What is the 70 rule in budgeting? ›

The 70-20-10 budget formula divides your after-tax income into three buckets: 70% for living expenses, 20% for savings and debt, and 10% for additional savings and donations. By allocating your available income into these three distinct categories, you can better manage your money on a daily basis.

What happens if you don't track your expenses? ›

Without a clear picture of finances and the added risk of operational expenses costing up to 20% more inclusive of late fees, you are missing opportunities to save, even a little amount every month toward financial goals. If you are NOT tracking expenses, financial goals are purely theoretical!

Is it healthy to keep track of every dollar I spend? ›

To a certain point this is a very healthy and rational attitude. However, spending too much time this way can deform the way you see your money and lead to you being obsessed with your account. Money is an aid, not the goal. I would personaly start with identifying where this pattern comes from.

Do I need to track my expenses? ›

Keeping track of your expenses on a regular basis is an important part of managing your overall finances. Not only does it help you see where your money goes, but it can also reveal to you your spending patterns.

What is the psychology behind overspending? ›

Overspending can happen for different reasons, such as: You might spend to make yourself feel better. Some people describe this as feeling like a temporary high. If you experience symptoms like mania or hypomania, you might spend more money or make impulsive financial decisions.

What is the average monthly expenses for a single person? ›

The average monthly expenses for one person can vary, but the average single person spends about $3,405 per month. Housing tends to consume the highest portion of monthly income, with the average annual spending on housing at $1,885 per month per person.

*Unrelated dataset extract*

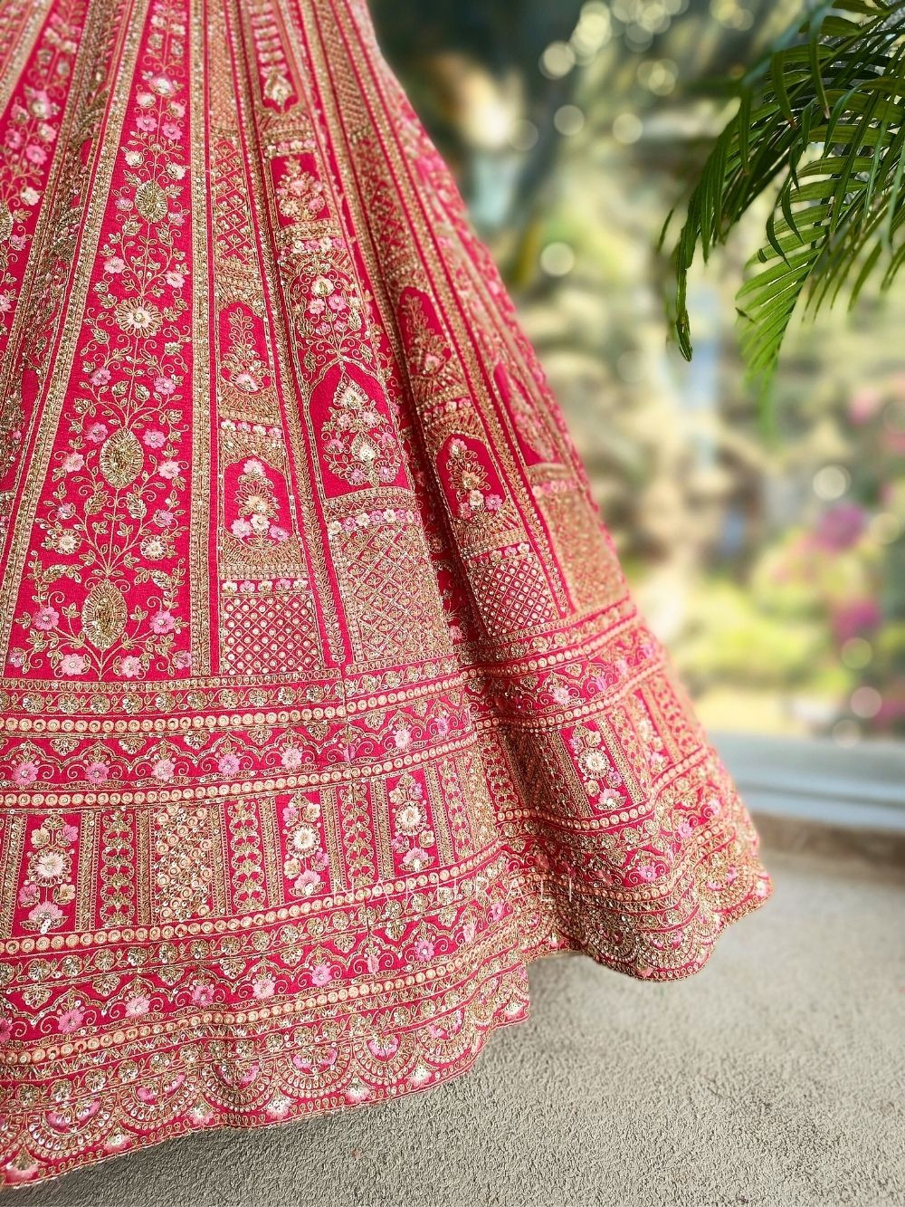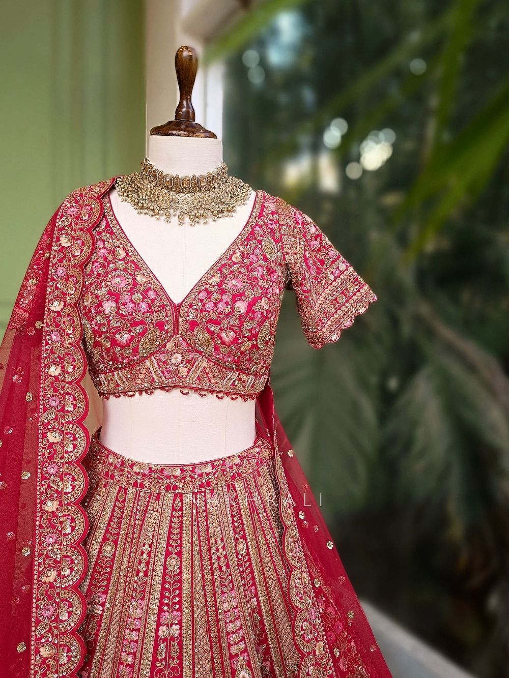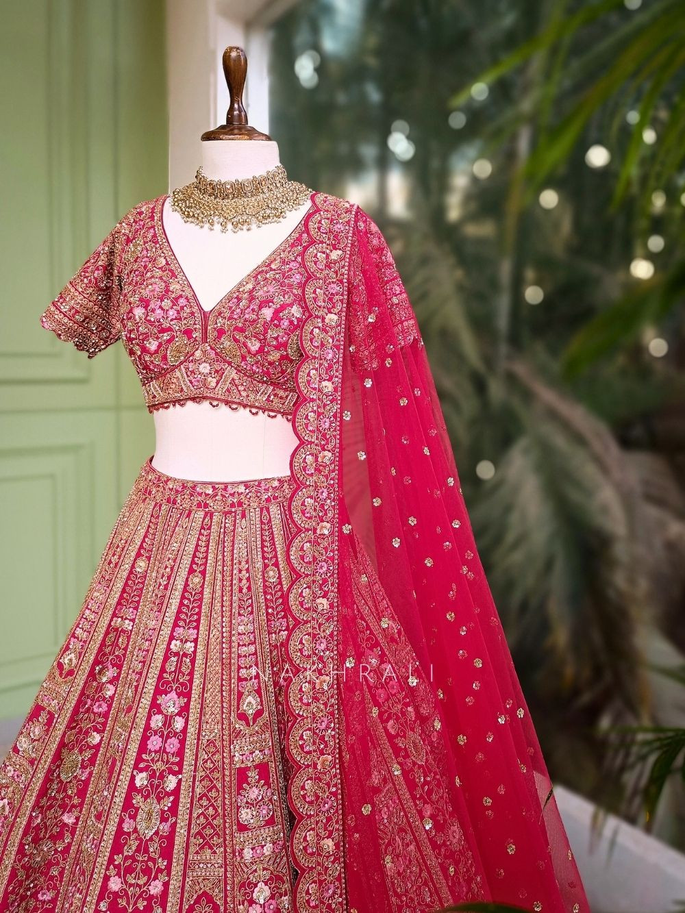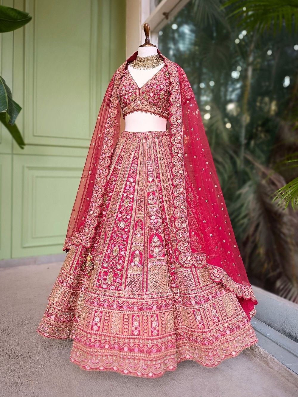 This red bridal lehenga is crafted with dense all-over embroidery featuring traditional floral and geometric motifs highlighted through zari and sequin work. The skirt showcases finely detailed vertical panels that flow into a heavily embroidered border, creating a rich and regal silhouette. The blouse is designed with a deep V neckline and elaborate embroidery across the body and sleeves, offering a classic bridal finish. Completing the set is a sheer dupatta detailed with delicate motifs and a scalloped embroidered edge, perfectly balancing richness and grace. Designed for main wedding ceremonies, this lehenga makes a powerful bridal statement.
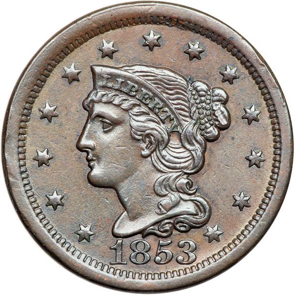 1853 N-31 R4+ VF35. Sharpness EF40 or slightly better but there are a couple very light rim bruises at stars 3 & 4 and another at CA in AMERICA. Frosty steel brown and chocolate with some lighter chocolate toning in protected areas on the obverse. Excellent eye appeal in spite of the minor marks. MDS, die state b. Tied for CC#12 of this tough die variety.

How to live on less money? ›

These seven tips may be able to help.
  1. Understand your current financial habits. Not sure how to start spending less? ...
  2. Create an effective budget and stick to it. ...
  3. Look for ways to reduce spending. ...
  4. Set financial goals for future success. ...
  5. Save for emergencies or major purchases. ...
  6. Pay down debt. ...
  7. Stay aware of lifestyle creep.

Is 80 20 a good investment strategy? ›

The 80/20 rule is a concept suggesting that 80% of your results come from 20% of your efforts. This rule can be used in various contexts; however, investing experts caution against using it in portfolio management.

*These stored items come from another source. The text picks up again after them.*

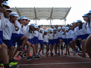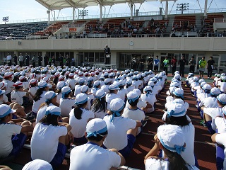 好天のもと、布引スタジアムでの陸上記録会に6年生が参加しました。実行委員が中心と
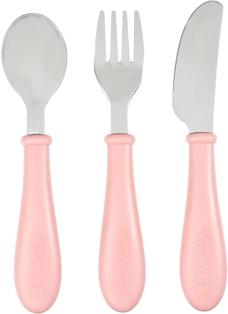 BÉABA, Children’s Learning Cutlery Set of 3 – Stainless Steel – 2nd Age, from 12 Months – Baby Friendly, Pink
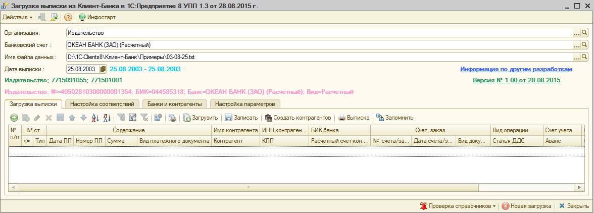 Укажем другую организацию, банковский счет, Имя файла данных и дату выписки. Нажмем кнопку "Загрузить" :
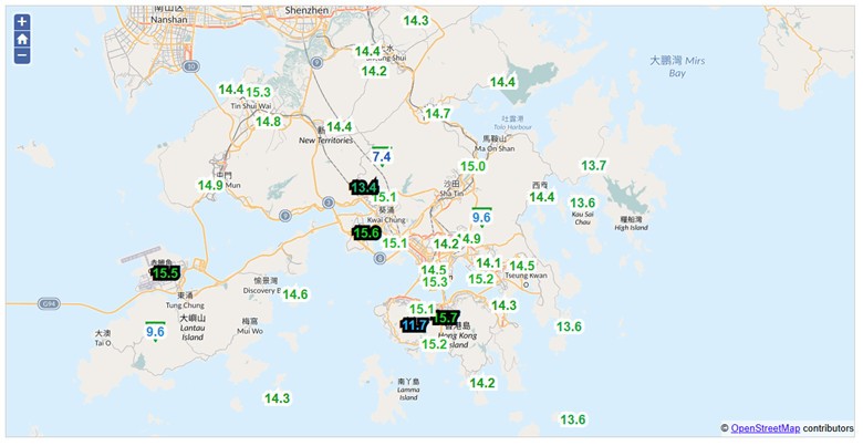 圖為2024年12月23日早上8時30分,香港地區氣溫監測數據。香港天文台截圖 香港天文台預計,東北季候風會在今明(23日-24日)兩日繼續為廣東帶來早晚清涼的天氣。隨著季候風在本週中期稍為緩和,沿岸地區日間氣溫回升。此外,現時位於南海南部的熱帶氣旋會在未來一兩日橫過該區並移向越南南部一帶,與其相關的雲帶會覆蓋南海中至北部及廣東沿岸。預料另一股東北季候風會在本週後期抵達華南,該區再度轉涼。
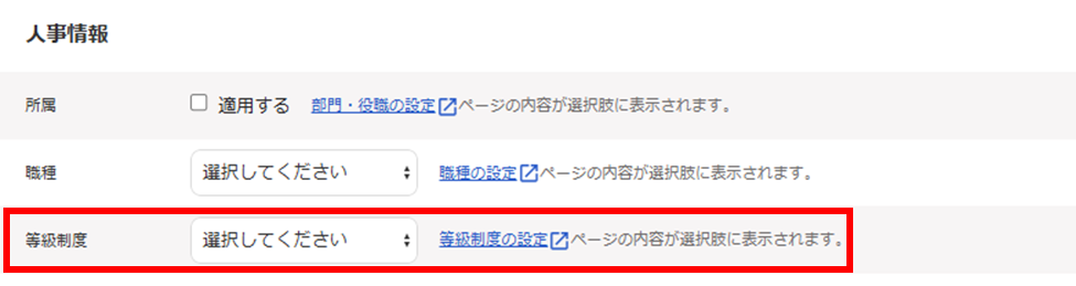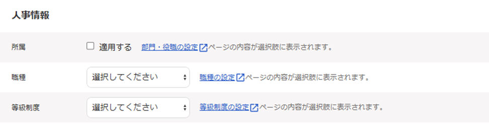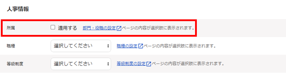 部門・役職の設定ページの内容が選択肢に表示されます。
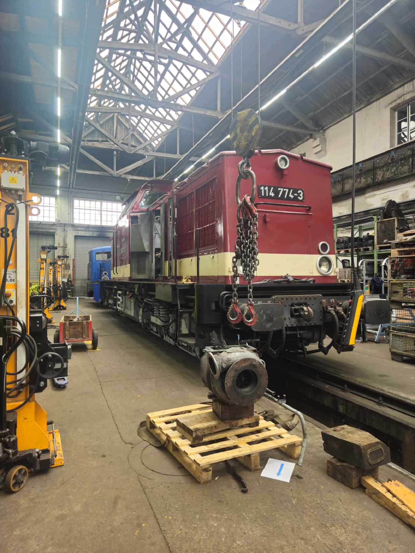 Da man bekanntlich nie genug Ersatzteile für die betriebsfähigen Lokomotiven haben kann, freuen wir uns über zwei schwergewichtige Neuzugänge in Form von zwei Dieselmotoren. Sie passen in unsere Dieselloks 114 774 und 118 754 und werden zunächst auf dem Museumsgelände eingelagert in der Hoffnung, dass wir sie so schnell nicht benötigen. Aber wie heißt es so schön? Besser haben als brauchen.
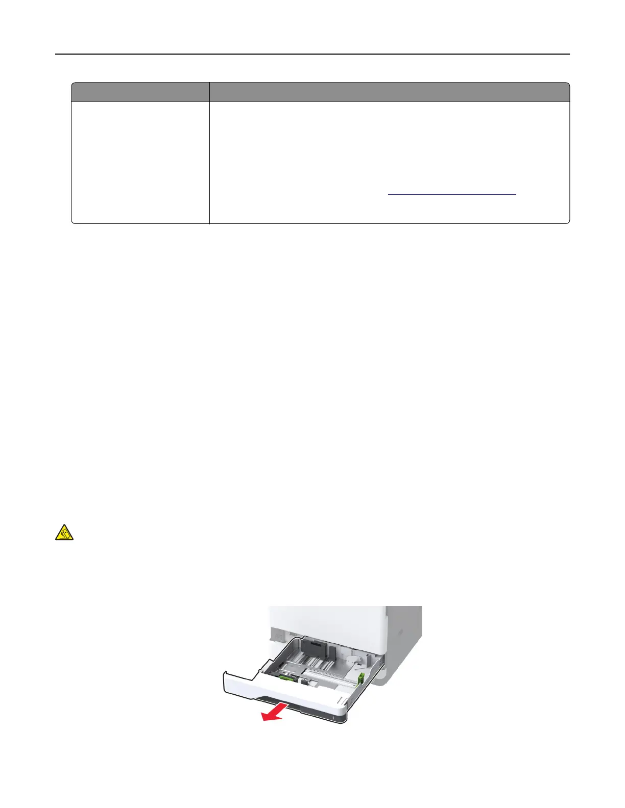 Note: To avoid jams, do not pull out trays while the printer is busy.
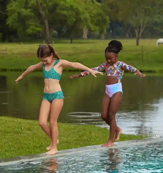 Bikini Eco, con ilustraciones de cacaos hechas a mano, Top ajustable en la espalda y calzón con golitas. adorable! Protección Solar : SPF 50+
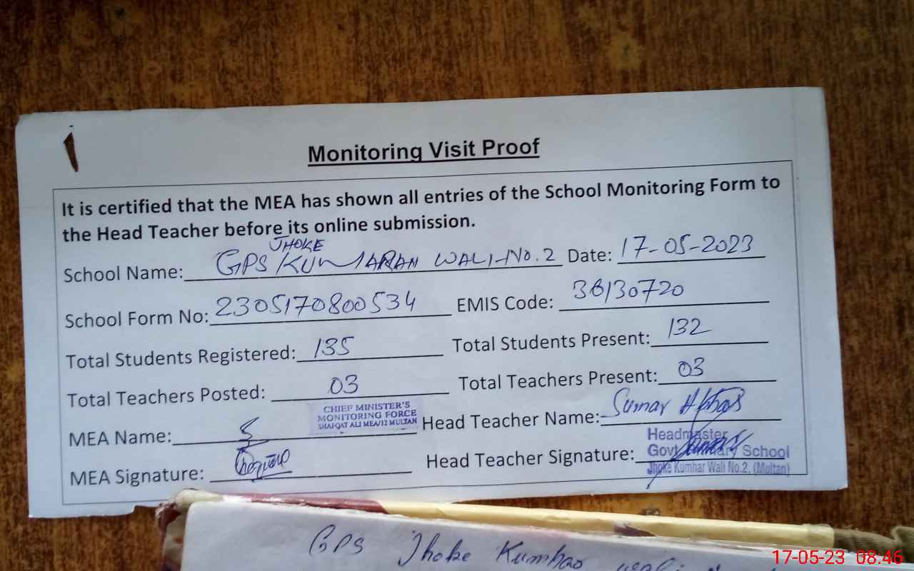 | Attendance Register | Head Teacher | MEA with School | Visit Proof |
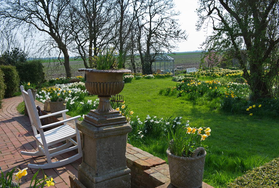 - Narzisse, Rasen, Schaukelstuhl, Terrasse
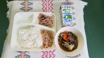 本日の献立は、豚肉のねぎだれかけ、ふきよせ煮、ツナ大豆そぼろです。
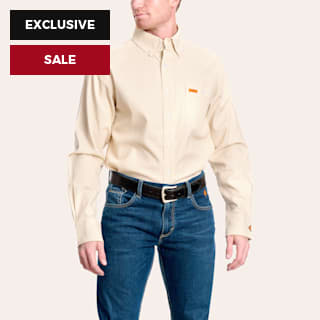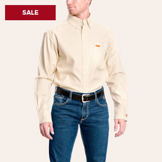Forge Men's White & Tan Print Flame Resistant Work Shirt

What is the 20 10 rule for savings? ›

It says your total debt shouldn't equal more than 20% of your annual income, and that your monthly debt payments shouldn't be more than 10% of your monthly income. While the 20/10 rule can be a useful way to make conscious decisions about borrowing, it's not necessarily a useful approach to debt for everyone.

How does the 50 30 20 rule work for saving? ›

The 50-30-20 rule recommends putting 50% of your money toward needs, 30% toward wants, and 20% toward savings. The savings category also includes money you will need to realize your future goals.

What is the 80-20 rule of thumb for budgeting? ›

80/20 Rule: With this method, you immediately set aside 20% of your income into savings. The other 80% is yours to spend on whatever you want, no tracking involved.